• WHAT TO PRODUCE: Set the listing down again exactly, please, apart from its pictures.

• SOURCE DATA:
********

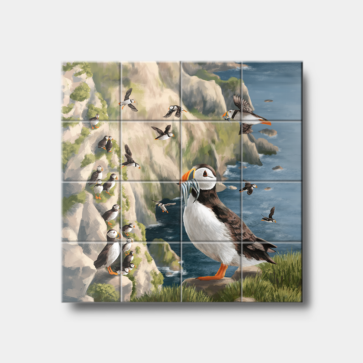Ceramic Tile Mosaic Printed with Puffin Design (Square)
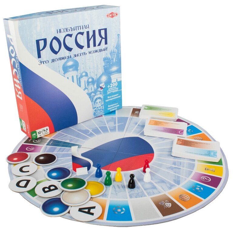 Настольная игра Необъятная Россия - это обновленное издание известной классической викторины. Она включает в себя карточки с 800 увлекательными вопросами о России. Все вопросы разбиты на 6 различных категорий: история, наука и природа, география, культура и другие. Участники смогут выбирать ответ из четырех возможных вариантов, в этом им помогут интересные комментарии к ответам. Простые и доступные правила викторины понравятся взрослым и детям. Юные участники смогут в игровой форме изучить необычные и любопытные факты о самом большом государстве мира. На каждой из карточек расположены два вопроса, каждый из которых выделен цветом соответствующей категории. Поле выполнено в форме круга с большим флагом России в центре. Окружность разбита на разноцветные секторы с указанием категории вопросов. За каждый верный ответ участники получают по одному жетону цвета выбранной категории. Чтобы попасть в суперфинал и победить, игрок должен собрать жетоны всех шести цветов. Игра рассчитана на от 2 до 6 игроков в возрасте от 12 лет. Время игры от 45 минут.Отправляйтесь в увлекательное путешествие по России вместе с популярной игрой от бренда Tactic Games! Для тех, кого заинтересуют новые факты о нашей стране, разработано бесплатное приложение для iOs и Android: Необъятная Россия включает в себя 200 дополнительных вопросов с красивыми визуальными эффектами.
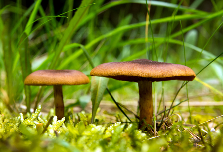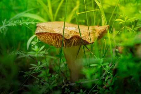 Beautiful mushroom in the grass on a green background, Sfanta Ana, Harghita, Romania
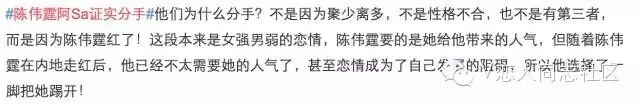 至于分手的原因,一说大师兄陈伟霆借阿Sa上位,成功红了之后,就提出分手,是典型的渣男~

********

• EXERCISE RESULT:
Ceramic Tile Mosaic Printed with Puffin Design (Square)
 Настольная игра Необъятная Россия - это обновленное издание известной классической викторины. Она включает в себя карточки с 800 увлекательными вопросами о России. Все вопросы разбиты на 6 различных категорий: история, наука и природа, география, культура и другие. Участники смогут выбирать ответ из четырех возможных вариантов, в этом им помогут интересные комментарии к ответам. Простые и доступные правила викторины понравятся взрослым и детям. Юные участники смогут в игровой форме изучить необычные и любопытные факты о самом большом государстве мира. На каждой из карточек расположены два вопроса, каждый из которых выделен цветом соответствующей категории. Поле выполнено в форме круга с большим флагом России в центре. Окружность разбита на разноцветные секторы с указанием категории вопросов. За каждый верный ответ участники получают по одному жетону цвета выбранной категории. Чтобы попасть в суперфинал и победить, игрок должен собрать жетоны всех шести цветов. Игра рассчитана на от 2 до 6 игроков в возрасте от 12 лет. Время игры от 45 минут.Отправляйтесь в увлекательное путешествие по России вместе с популярной игрой от бренда Tactic Games! Для тех, кого заинтересуют новые факты о нашей стране, разработано бесплатное приложение для iOs и Android: Необъятная Россия включает в себя 200 дополнительных вопросов с красивыми визуальными эффектами.
 Beautiful mushroom in the grass on a green background, Sfanta Ana, Harghita, Romania
 至于分手的原因,一说大师兄陈伟霆借阿Sa上位,成功红了之后,就提出分手,是典型的渣男~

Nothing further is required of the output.